The driver put the car into gear and started down the driveway. "The dispatcher didn't tell me where we're going."
"To see my lawyer."
"Not planning on suing me, are you?" the driver said with a nervous chuckle.
"I'm not suing anyone at the moment," Helen said, "but it never hurts to be prepared."
The driver reached the end of the driveway. "Which way?"
Instead of answering him, she leaned forward to read his identification card on the dashboard, and said, "Are you from around here, Mr. Clary?"
"Call me Jack," he said. "It's too confusing otherwise. The Clary name is more common around here than Smith or Jones. You'll see, once you get to know the area."
She'd been spending summers here in Wharton for fifteen years now, and it was only now that she realized she didn't know much about the town. She'd always been delivered to the cottage by her husband's staff and then picked up a few weeks later, without ever leaving the property. It was different now. Wharton was her home, not just a vacation spot.
"Do you know any good lawyers?"
"My cousin Hank used this guy named Tate a couple years ago," Jack said. "He must be good, because he kept Hank out of jail, and if anyone deserves to be in jail, it's Hank. Along with his brothers. They'd probably be locked up, too, come to think of it, if they hadn't also hired this Tate guy."
A criminal lawyer wasn't what she'd had in mind—Melissa was a minor nuisance, not a criminal—but if the alternative was going back and being referred to as sweetie or honey or something equally saccharine, she might as well check him out. "Tate it is, then. Take me to his office, please."
Helen watched out the side window as the thick woods of the acreage around her cottage gave way to neighborhoods of large houses and only a few strategically planted saplings, and then finally to urban lots with more paving than grass. She recognized the approach to the center of town, and, while she'd never paid much attention before, it was probably where the local attorneys had their offices.
A few minutes later, Jack parked the limo in front of a weathered-looking Cape, not unlike Helen's own cottage, except that it was on a tiny lot in a more urban zone and no trees. There was a small paved parking area in front, a long handicapped ramp leading up to the main entrance, and a discreet sign on the building that read Tate & Bancroft, PC, Attorneys At Law.
The car door swung open, and Jack was standing there, offering Helen his hand to help her out of the back seat. He probably did the same thing for all of his customers, but it only reminded her that she wasn't the same person she'd been before the lupus had started to really act up. Before then, she'd have been out of the vehicle and halfway to the building's entrance by the time the driver could have unbuckled his seatbelt.
It didn't matte
r so much what Jack thought of her abilities, but lawyers worked in a world where image was everything.
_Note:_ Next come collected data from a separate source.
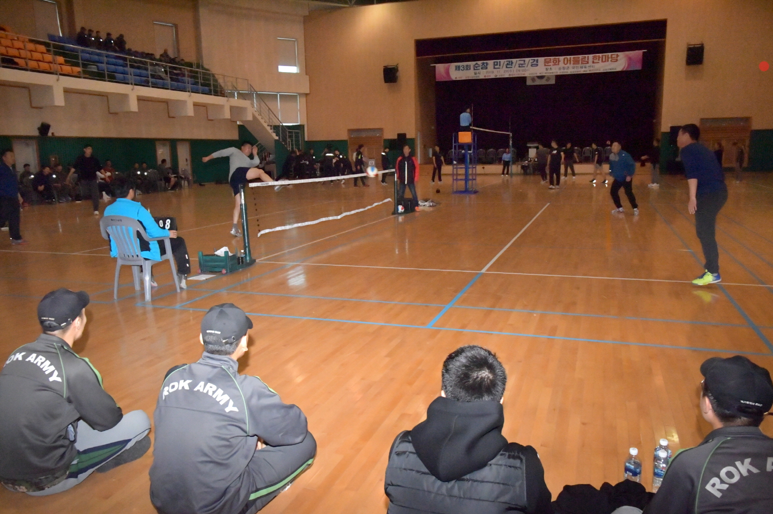 - 순창사암연합회(회장 동산스님)가 지난 27일 제3회 순창 민관군경 문화 어울림 한마당을 열고 올 한해 고생한 군인과 경찰, 사회복무요원의 노고를 치하했다. 순창군 국민체육센터에서 열린 이번 행사에는 순창군 관내에서 근무하는 군인과 경찰, 사회복무요원, 사암연합회 관계자 등 200명이 참석해 즐거운 시간을 가졌다. 올해로 3회째를 맞이한 이 행사는 군민을 위해 올 한해 고생한 군인과 경찰, 사회복무요원 등을 초청해 노고를 치하하는 시간을 갖고자 순창사암연합회가 주관하고 순창군이 후원해 매년 11월 열리고 있다. 이날 황숙주 순창군수, 정성균 의장도 이 행사에 함께하며 올 한해 군민의 안전을 위해 고생한 젊은 청년들의 노고를 격려했다. 황 군수는 “20대 젊은 나이에 사회를 위해 경찰과 군인이라는 무거운 짐을 지고 있는 여러분 노고에 다시 한 번 감사드린다”며 “오늘 하루 즐거운 시간을 갖고 올 한해 잘 마무리하길 바란다”고 전했다. 오전 9시부터 시작된 이날 행사는 체육활동을 시작으로 장기자랑까지 이어지며, 참가자들은 자신들의 숨겨온 끼를 방출하며 즐거운 하루를 보냈다. 행사를 주관한 동산스님은 “사회를 위해 헌신한 청년들에게 즐거운 시간을 주기 위해 매년 이렇게 자리를 마련하고 있다”면서 “앞으로도 이 행사가 계속 이어질 수 있도록 노력하겠다”고 밝혔다.해당 게시물이 '사진으로 보는 군정'에서 이동 되었습니다.
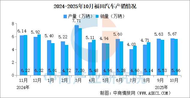 中商情報網(wǎng)訊:2025年10月,福田汽車產(chǎn)量5.67萬輛,同比增長6.47%。銷量5.66萬輛,同比增長1.01%。2025年1-10月,福田汽車產(chǎn)量54.00萬輛,同比增長10.10%。累計銷量53.67萬輛,同比增長9.80%。
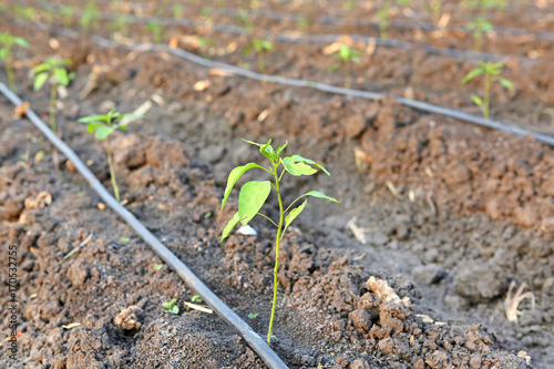 Young chili plant in the farm with Self-compensating dripper irrigation used in agriculture.
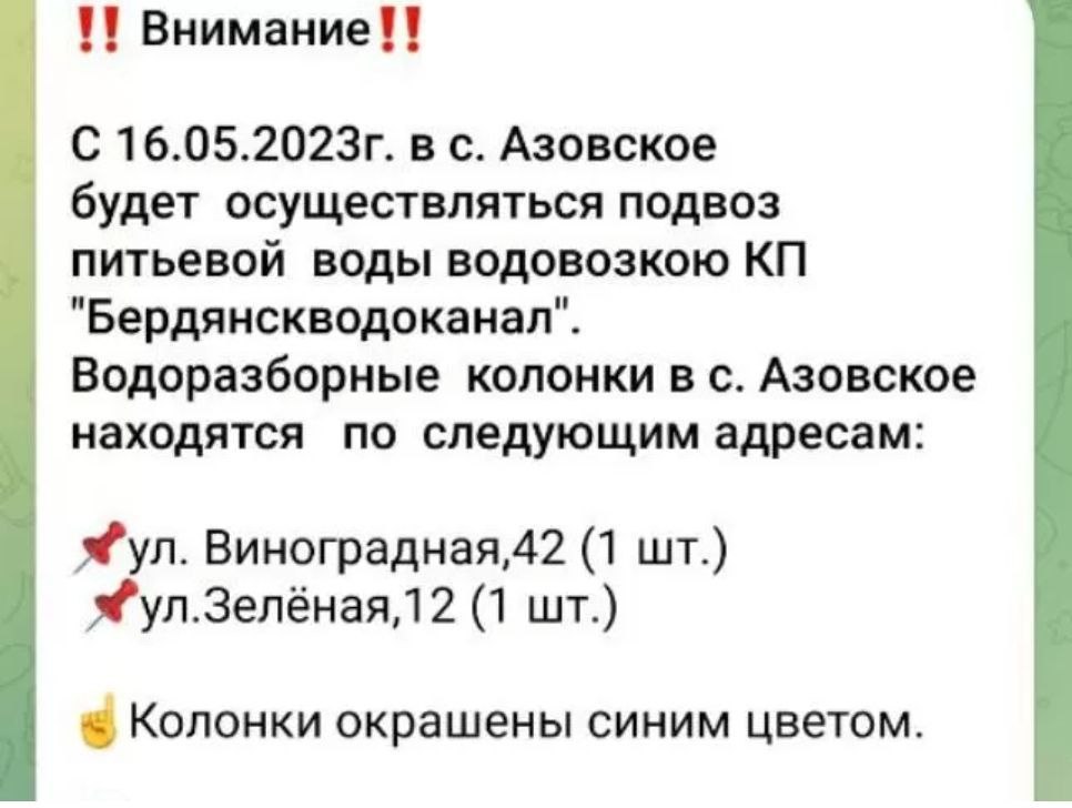 С 16 мая жители села Азовское Бердянского района, города Приморск и микрорайона РТС в Бердянске остались без воды. Российские оккупанты объяснили все поломкой. Воду людям подвезли один раз, и то техническую.
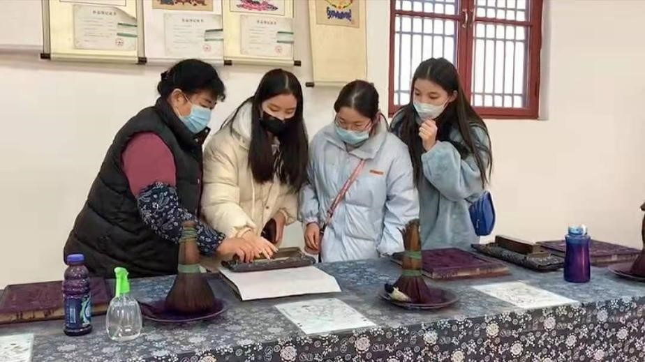随后,实践队员来到年画制作作坊。在年画师傅的指导下,队员们学习了印画这一手艺。在梨木板上用棕刷均匀上色,将纸铺在梨木板上,用擦子将画板上的墨线印到纸上,最后将纸上的墨晾干,一幅年画就完成了。这看似简单,实则不易。需要师傅将墨线和套色版准备齐全,将数百张白纸固定在刷印图案的位置上,再将画版仰放在纸的左边,将纸覆在涂匀颜料的画版上,再用棕刷平刷画版上的纸。如此刷完,再换另一颜色版,依样刷印,直到全部画版刷完。在此期间要控制木板与年画的精确位置,防止颜色印画到其他区域。
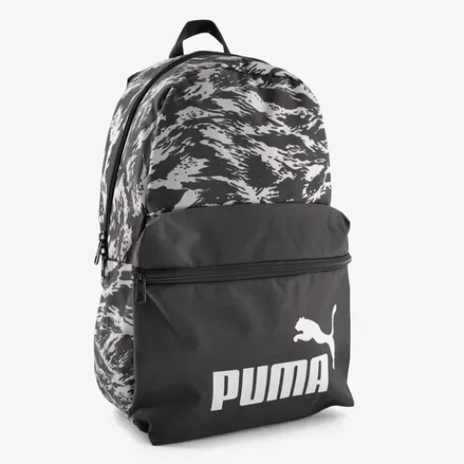 Grijs-zwarte Puma Phase AOP rugzak met print en een witte merkopdruk aan de voorzijde. Voorzien van een stevige draaglus en verstelbare, gewatteerde schouderbanden. De tas heeft een ruime hoofdvak met ritssluiting, een voorvak met rits en een mesh vakje aan de zijkant waar je een drinkfles in kwijt kan. Afmetingen: 30 x 14 x 44 cm. De inhoud is 22 liter. Gemaakt van polytester.
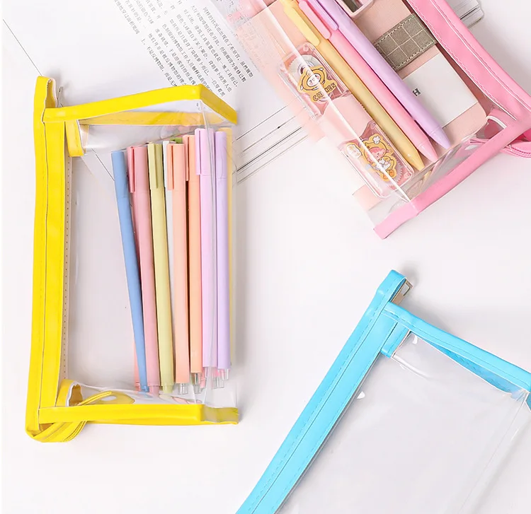 Однотонный чехол для карандашей, прозрачная водонепроницаемая сумка из ПВХ, канцелярские мешочки для девочек, обратно в школу от Kevin sasa Crafts

Their own image, their client's image, and even the judicial system's image. They knew it, but few realized how much they, themselves, were taken in by appearances and failed to see reality. Chances were that this Tate guy wasn't going to see Helen as the strong, smart, attention-grabbing person she used to be; he was going to see the decrepit, slow, and easy-to-ignore person she'd become. If that was all he saw, he might dismiss her as not worthy of his time.
Jack bent down to look inside the car. "Do you need help?"
"No." The lawyer might not have time to see her without an appointment, but if she didn't at least try to see him, she'd have to find somewhere else to go. She wanted to be sure Melissa would have left before they returned to the cottage. Being rejected by an attorney wasn't as bad as being accepted by Melissa.
Helen slid to the edge of the seat. "I can get out on my own, thank you."
Many people, especially in the service industry, would have insisted on helping, but Jack took a step back. She made a mental note to leave him an extra-large tip, as a thank you for respecting her wishes.